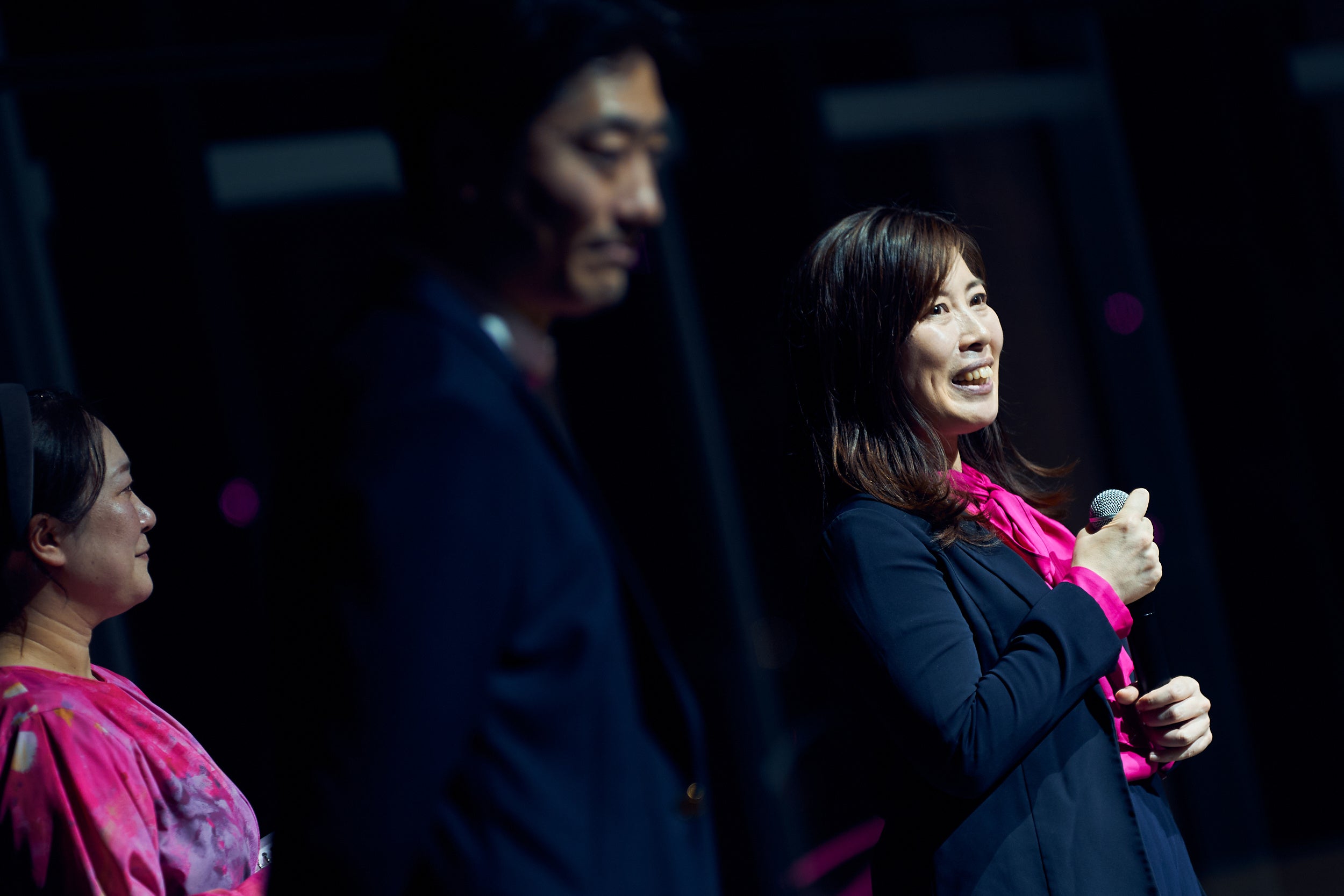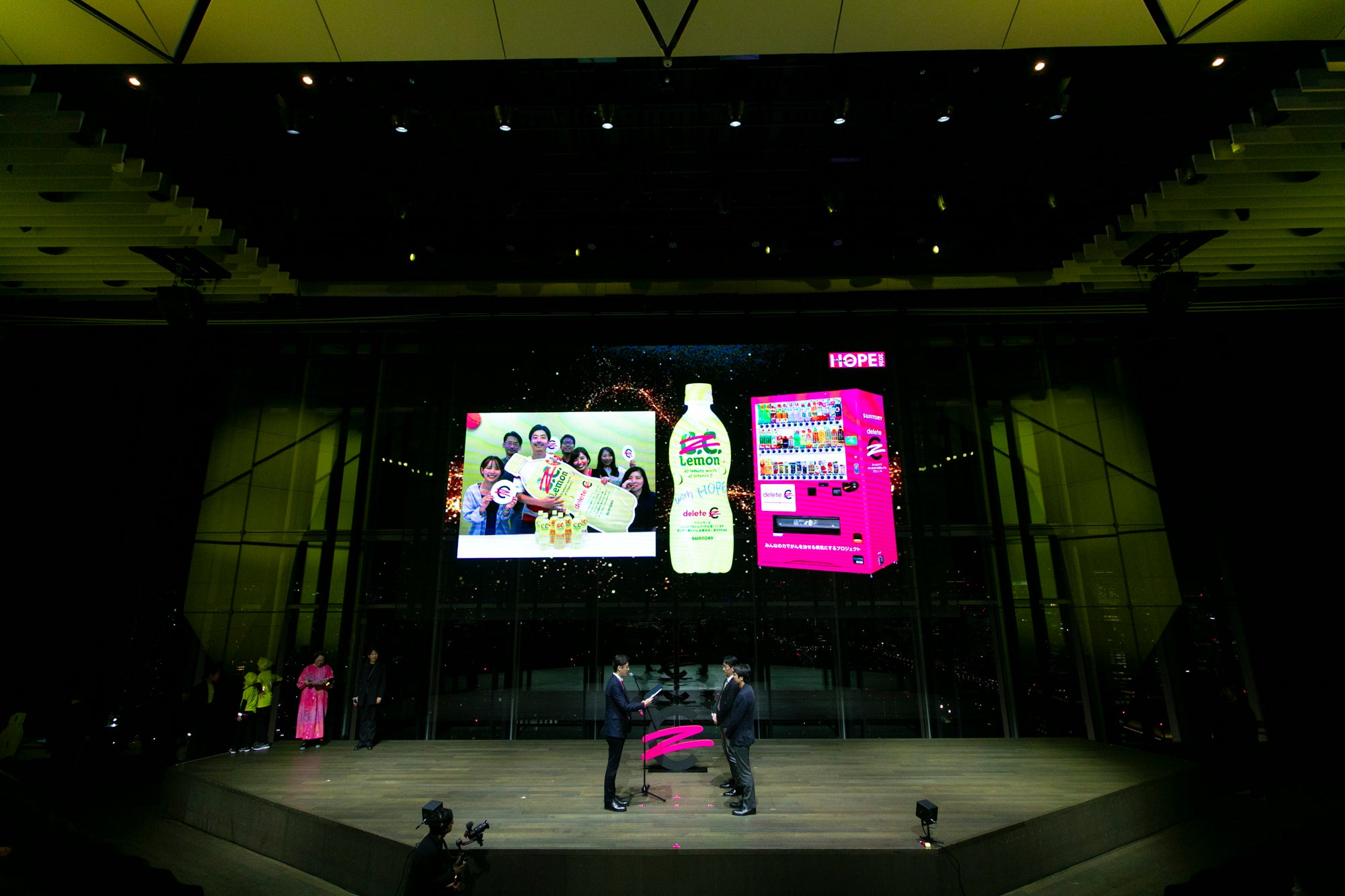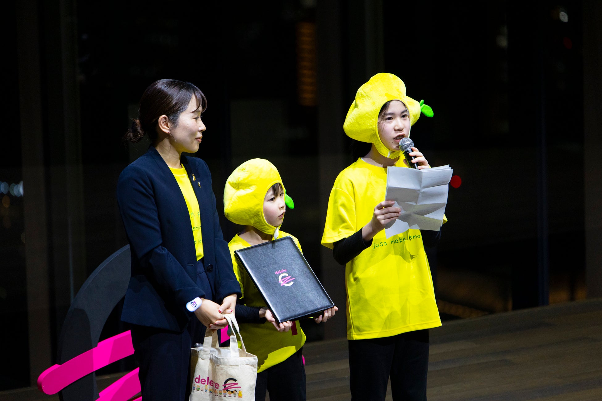 受賞されたみなさま、そして今日この日のために会場に駆けつけてくださったみなさま、本当にありがとうございます。心よりおめでとうございます。はじめて C.C.レモンの「C」が消えて嬉しかった日のことや、1台目の deleteC モデルの自動販売機を設置していただいた日のことを、あらためて思い返していました。7年前、deleteC が立ち上がったばかりの頃、この活動に参加してくださるのは、ほんの一握りでした。それが今では、本当にたくさんの方が参加してくださり、今日は 8つのアクションを表彰することができました。このほかにも、お散歩やアプリの開発など、さまざまな形でアクションが広がっていることも実感しています。CSAアワードは、今年はじめての試みでしたが、正直、どのアクションも素晴らしく、そのどれもが尊くて、選ぶことはとても難しかったです。カジュアルソーシャルアクションは、名前のとおりかろやかなアクションですが、その一つひとつが実現するまでには、多くの人たちが情熱を注ぎ、実現するために日々向き合ってくださっています。その姿を、私たちはずっと見てきました。今日ここにいる方、そして今も一緒に取り組んでくださっているすべての方に、心から感謝を伝えたいと思います。想いを共にして一緒に取り組んでいくことで、がんを治せる病気にする日に、私たちは確実に一歩近づき、手繰り寄せることができると信じています。そして、この活動が続いていくことが希望だと感じています。これからもぜひ、一緒に進めていただけたら嬉しく思います。今日は本当に、ありがとうございました。
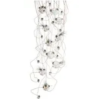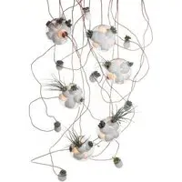 The Series 38 pendant light 3 pieces by Bocci features a large glass blown sphere with a multitude of haphazard interior cavities, which intersect and interact with each other in unique and unpredictable ways. As pictured, some of these cavities are actually big enough for house plants like succulents, cacti and air plants making this light ideal for plant lovers. Striking a balance with plants and lighting, this piece has a fixed length hardwire with copper tubing which allows for you to attach the canopy to your ceiling before inserting the individual cables one by one. Having more than one of these lights would create an eyecatching harmony between your decor and greenery. The Series 38 pendant light 3 pieces suit an eclectic or bohemian aesthetic and are ideal for use in any and all living areas. Available in two canopy options. Two bulb types available. Please view ‘Colours, finishes, and styles’ for ceiling rose examples. Extra cable is available, please email sales@hollowwaysofludlow.com
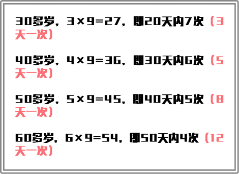 但是对于夫妻而言,姐还是建议有规律的性生活,可以让夫妻关系更加和谐!在此推荐一个啪啪频率:
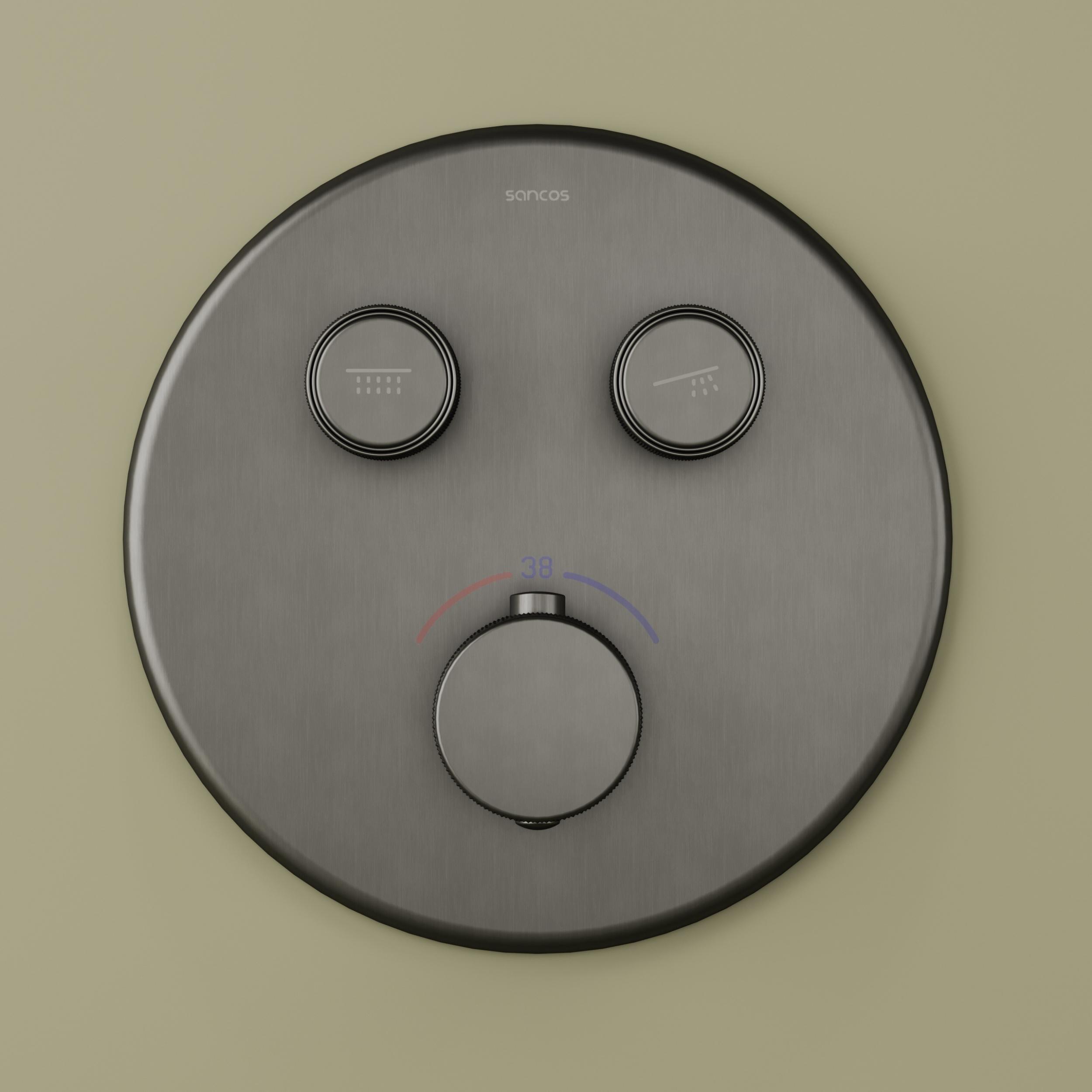 Душевая система для душа с термостатом Sancos Space SC3006GMG со скрытой частью, материал - латунь, цвет - вороненая сталь.
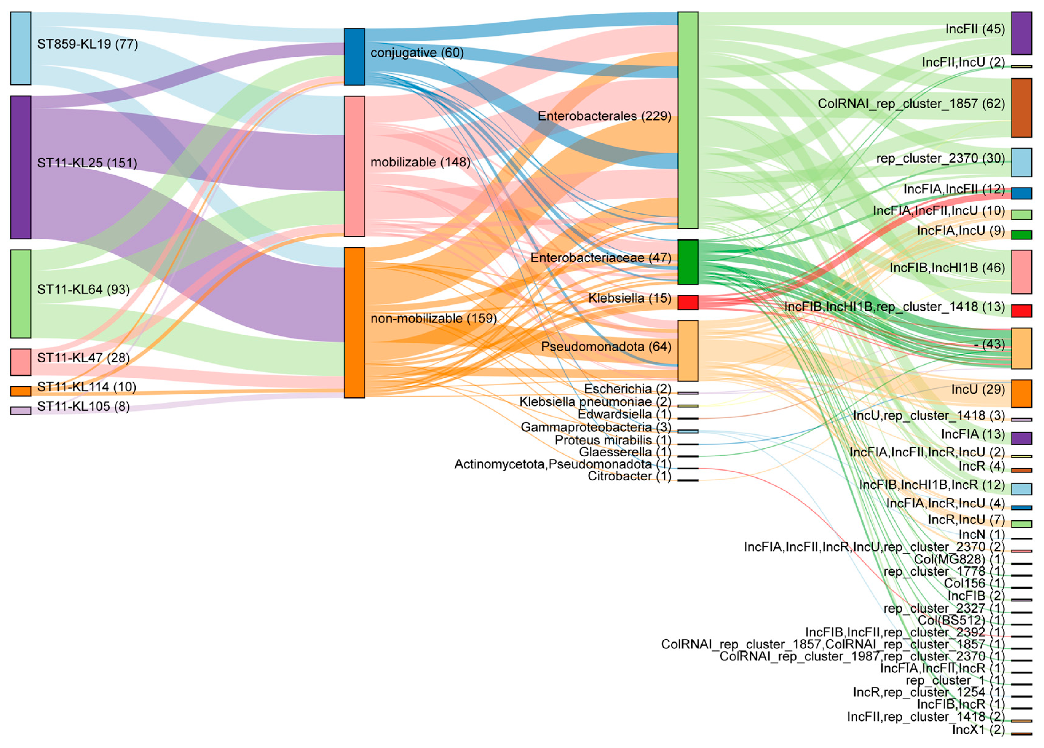 Figure 4. Genomic analysis of plasmids in ST859 and different capsular serotype ST11 CRKP isolates. Sankey diagram illustrating the association between plasmid type, predicted host range, and plasmid replicon type in ST859-KL19, ST11-KL25, ST11-KL64, ST11-KL47, ST11-KL105 and ST11-KL114 CRKP isolates. The thickness of each line is proportional to the number of plasmids.
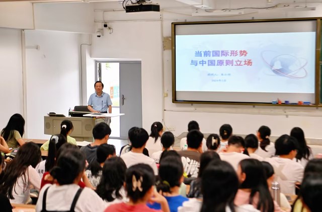 5月30日,校党委书记朱小理以“当前国际形势与中国原则立场”为题,为马克思主义学院思想政治教育专业公费师范生讲授“形势与政策”课。
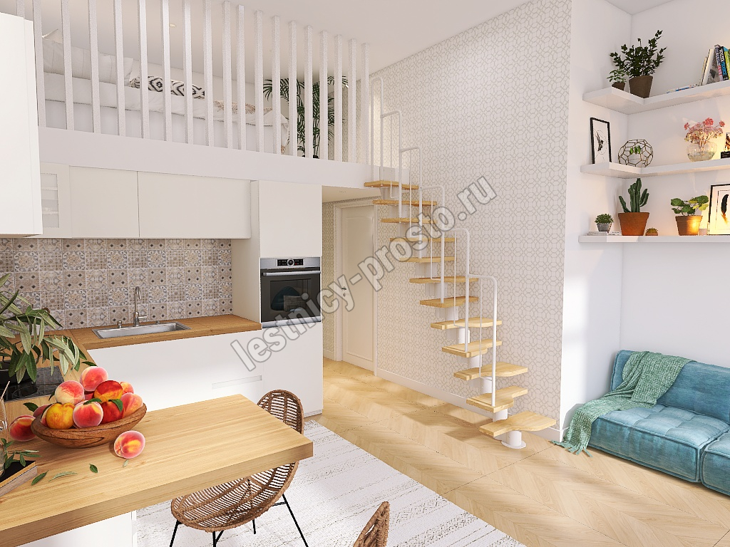 Лестница Prosto Urban White гусиный шаг 700 мм, h234-336 см (13 ступеней), ясень

Instructions for the task: Your answer must be a verbatim copy of the entries above, with no images included.

Answer:
 受賞されたみなさま、そして今日この日のために会場に駆けつけてくださったみなさま、本当にありがとうございます。心よりおめでとうございます。はじめて C.C.レモンの「C」が消えて嬉しかった日のことや、1台目の deleteC モデルの自動販売機を設置していただいた日のことを、あらためて思い返していました。7年前、deleteC が立ち上がったばかりの頃、この活動に参加してくださるのは、ほんの一握りでした。それが今では、本当にたくさんの方が参加してくださり、今日は 8つのアクションを表彰することができました。このほかにも、お散歩やアプリの開発など、さまざまな形でアクションが広がっていることも実感しています。CSAアワードは、今年はじめての試みでしたが、正直、どのアクションも素晴らしく、そのどれもが尊くて、選ぶことはとても難しかったです。カジュアルソーシャルアクションは、名前のとおりかろやかなアクションですが、その一つひとつが実現するまでには、多くの人たちが情熱を注ぎ、実現するために日々向き合ってくださっています。その姿を、私たちはずっと見てきました。今日ここにいる方、そして今も一緒に取り組んでくださっているすべての方に、心から感謝を伝えたいと思います。想いを共にして一緒に取り組んでいくことで、がんを治せる病気にする日に、私たちは確実に一歩近づき、手繰り寄せることができると信じています。そして、この活動が続いていくことが希望だと感じています。これからもぜひ、一緒に進めていただけたら嬉しく思います。今日は本当に、ありがとうございました。
 The Series 38 pendant light 3 pieces by Bocci features a large glass blown sphere with a multitude of haphazard interior cavities, which intersect and interact with each other in unique and unpredictable ways. As pictured, some of these cavities are actually big enough for house plants like succulents, cacti and air plants making this light ideal for plant lovers. Striking a balance with plants and lighting, this piece has a fixed length hardwire with copper tubing which allows for you to attach the canopy to your ceiling before inserting the individual cables one by one. Having more than one of these lights would create an eyecatching harmony between your decor and greenery. The Series 38 pendant light 3 pieces suit an eclectic or bohemian aesthetic and are ideal for use in any and all living areas. Available in two canopy options. Two bulb types available. Please view ‘Colours, finishes, and styles’ for ceiling rose examples. Extra cable is available, please email sales@hollowwaysofludlow.com
 但是对于夫妻而言,姐还是建议有规律的性生活,可以让夫妻关系更加和谐!在此推荐一个啪啪频率:
 Душевая система для душа с термостатом Sancos Space SC3006GMG со скрытой частью, материал - латунь, цвет - вороненая сталь.
 Figure 4. Genomic analysis of plasmids in ST859 and different capsular serotype ST11 CRKP isolates. Sankey diagram illustrating the association between plasmid type, predicted host range, and plasmid replicon type in ST859-KL19, ST11-KL25, ST11-KL64, ST11-KL47, ST11-KL105 and ST11-KL114 CRKP isolates. The thickness of each line is proportional to the number of plasmids.
 5月30日,校党委书记朱小理以“当前国际形势与中国原则立场”为题,为马克思主义学院思想政治教育专业公费师范生讲授“形势与政策”课。
 Лестница Prosto Urban White гусиный шаг 700 мм, h234-336 см (13 ступеней), ясень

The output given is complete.